His works approach self-referential themes that metaphorically associate subjects images of his own body, feelings, mental states and banal situations, seeking to emphasize conditions that are inconceivable of being portrayed but through trickery and distortions of reality. His technical process of visual conception involves means of performance, scenography, photography and drawing. But it is through painting, on the plenty of layers and glazes, where contours of an exciting reality emerge, sometimes hermetic, but always disturbing. In many cases, the visual pun on some popular sayings hides subjective charges that go beyond the appearance of the depicted object.

Fabio Magalhaes is coeval of a young Brazilian painting generation, vigorous and visceral, which expresses a support capacity beyond its fibrous materiality and which, in general, conceives the artistic object itself as an immeasurable spatial reality, sometimes a potent installative painting than re-proposes the place where it is shown. It is a generation of artists that repositions the figurative painting, sometimes bordering iconoclasm of traditional genres of portrait, still life and landscape. Instrumented by technical virtuosity, it is a painting that dismantles the factual and anecdotal to reveal uncomfortable aspects of daily life, taboos and mental universes that often operate as a vortex on the observer.

Fábio Magalhães process and images distend the historical relationship of the artist and his model and, in a synchronic way, transgress portrait as a pictorial genre. While the artist cancels the physical presence of the other in the studio in order to build the theme, he introduces the notion of his own otherness. The introspection and deep intimacy of the artist with himself, in a performative exercise to define the image, are the subversion of traditional self-portrait. A painting has an almost adversarial character, meaning a painting that seems to oppose itself, in an exercise of combined references in the process whose result is a painting that goes beyond the image that it contains and falls short of the painter’s intangibility of the gesture.

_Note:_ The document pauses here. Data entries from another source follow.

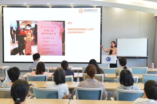 然后,谭律师分别从生活中的子女监护抚养、婚姻财产分配、个人财产继承三个典型事例引入,运用简洁精练的语言,以案释法,详细讲解了民法典对子女抚养、婚姻家庭、财产继承的重大影响,阐明了这三个案例在民法典中涉及的相关新法规和实际运用。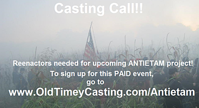 As of right now, we are casting for an upcoming companion project for the PBS show, Mercy Street. Not only will we be filming scenes that took place at Antietam, but there are more projects right after!! (www.OldTimeyCasting.com/Antietam)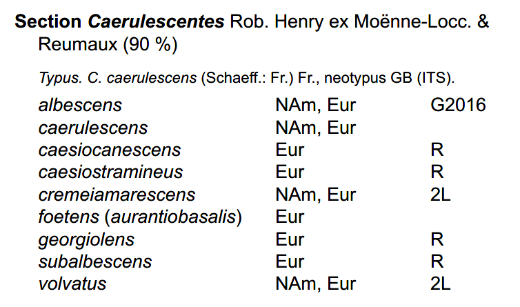More recent phylogentic studies have placed C. albescens in Section Caerulescentes. A close NAm species appears to be Cortinarius volvatus.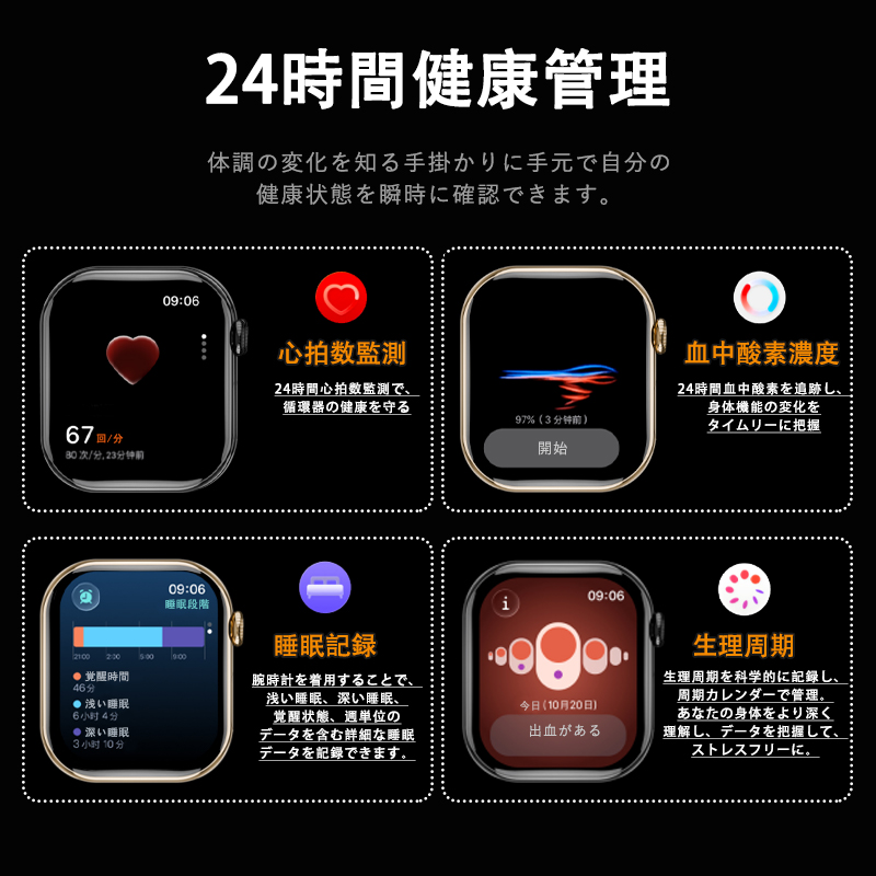 【24 時間体調を見守る!1.85 インチ大画面スマートウォッチ】日常・トレーニング・安心ライフに欠かせない多機能デバイス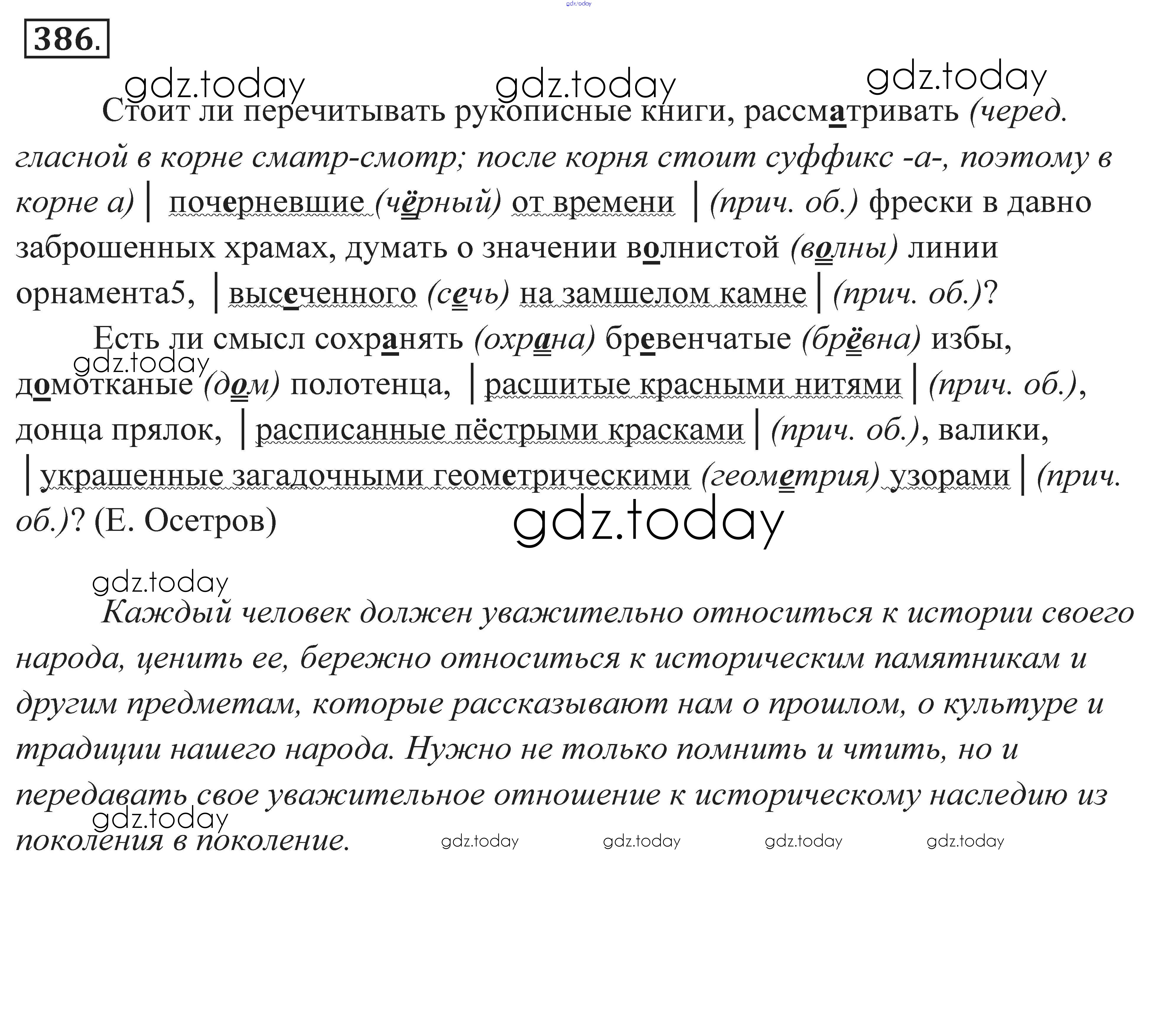 На страницах сайта gdz.today вы найдете учебный и вспомогательный материал, направленный на улучшения знаний школьной программы. ГДЗ - онлайн мир знаний Решение к заданиям 386 Практике по Русскому языку для 7 класса Пименова, Еремеева Дрофа 2016

Meat and guts, skin and body, being. The basic grammar of what we are. Life and death: the common denominator of human existence. These are the constituent elements of four series presented here. The common linear time, one governed by the circularity of the seasons, the ephemeris and routines, is annihilated. The moment of an uncertain action, which seems frozen before our eyes, expands almost infinite in the dimension with no horizon of the immaculate white of the canvas. Fabio Magalhaes approaches a perpetual temporality where there is no place to the circumstantial, to everyday pervasiveness of forgettable things. He builds a reticent presence of the essential invisible.